***** Information provided *****

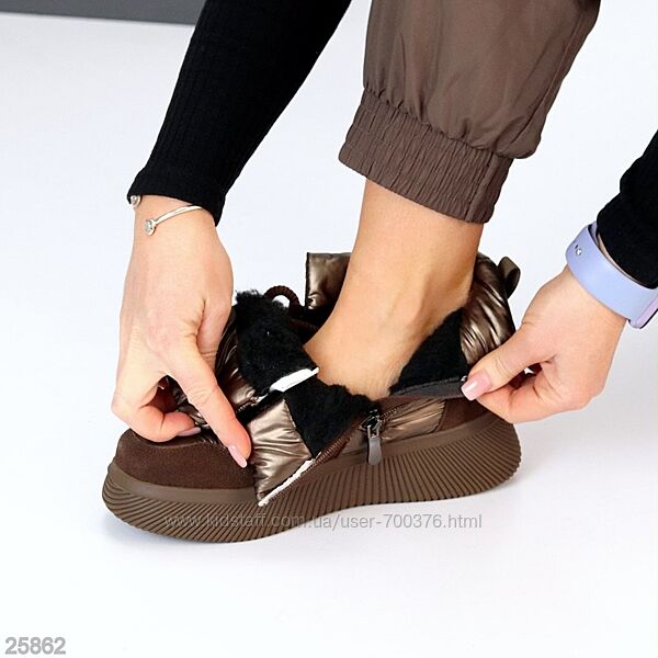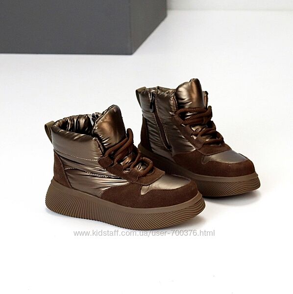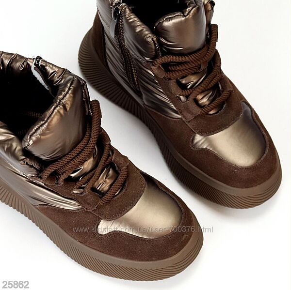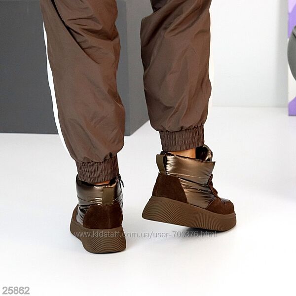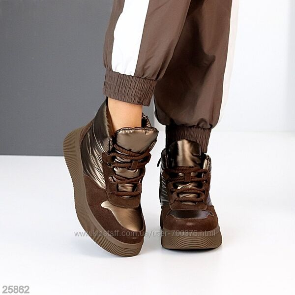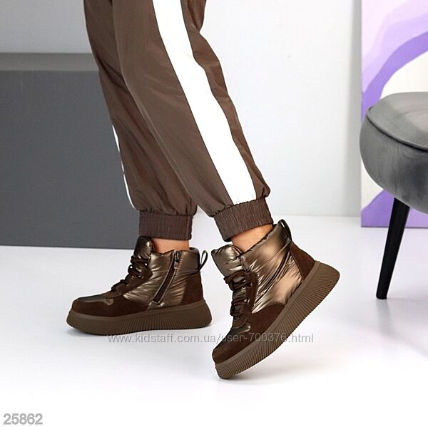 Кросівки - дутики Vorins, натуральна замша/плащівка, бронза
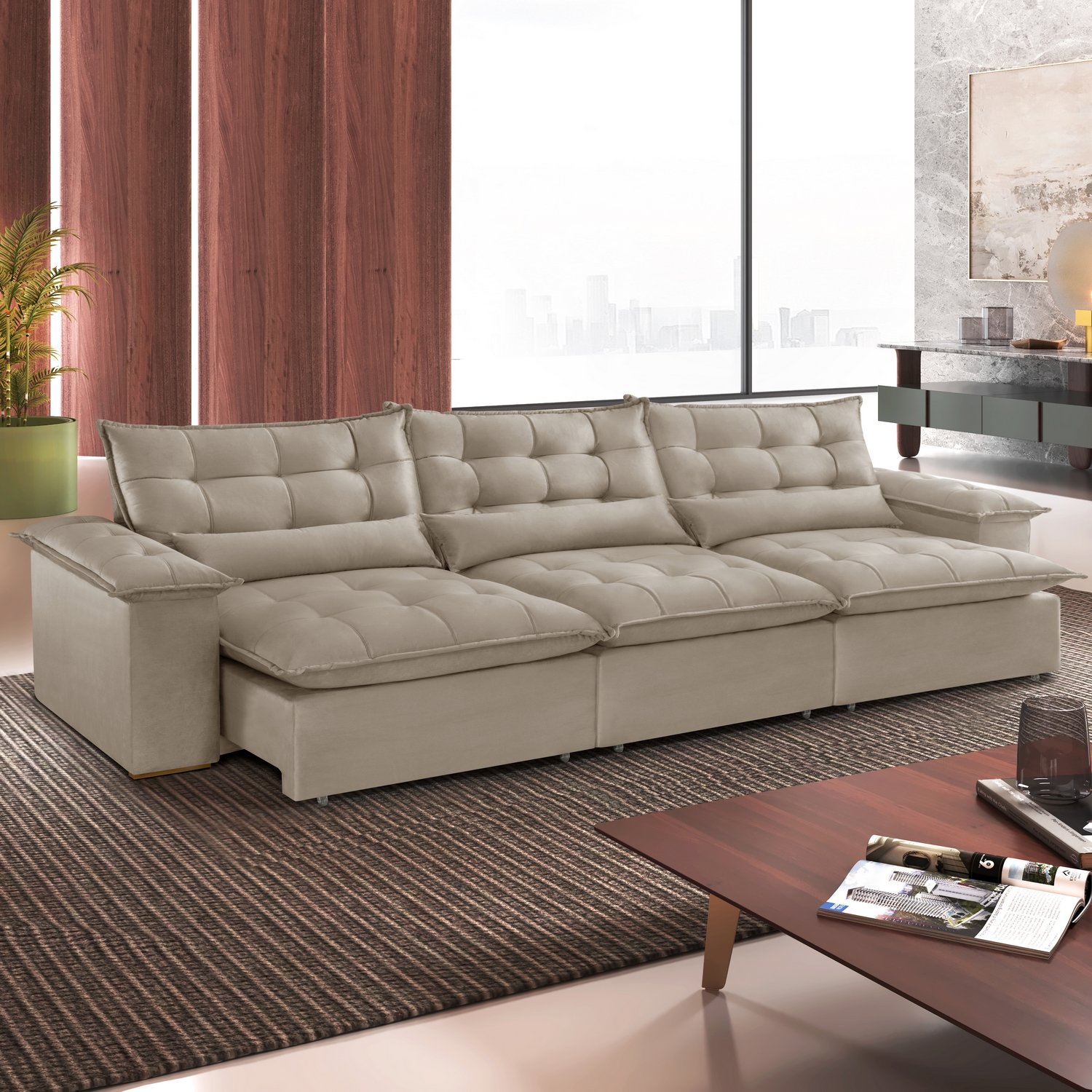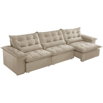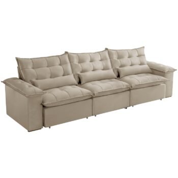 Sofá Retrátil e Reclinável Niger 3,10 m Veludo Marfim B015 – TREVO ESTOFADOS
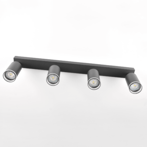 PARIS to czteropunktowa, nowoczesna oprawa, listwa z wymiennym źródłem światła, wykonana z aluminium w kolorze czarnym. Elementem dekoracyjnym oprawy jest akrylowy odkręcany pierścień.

*****

What needs to be done :: Having located the line with "Sofá Retrátil e", transcribe exactly and only the lines from it to the final line of the material, skipping the pictures.

Result of the task ::
 Sofá Retrátil e Reclinável Niger 3,10 m Veludo Marfim B015 – TREVO ESTOFADOS
 PARIS to czteropunktowa, nowoczesna oprawa, listwa z wymiennym źródłem światła, wykonana z aluminium w kolorze czarnym. Elementem dekoracyjnym oprawy jest akrylowy odkręcany pierścień.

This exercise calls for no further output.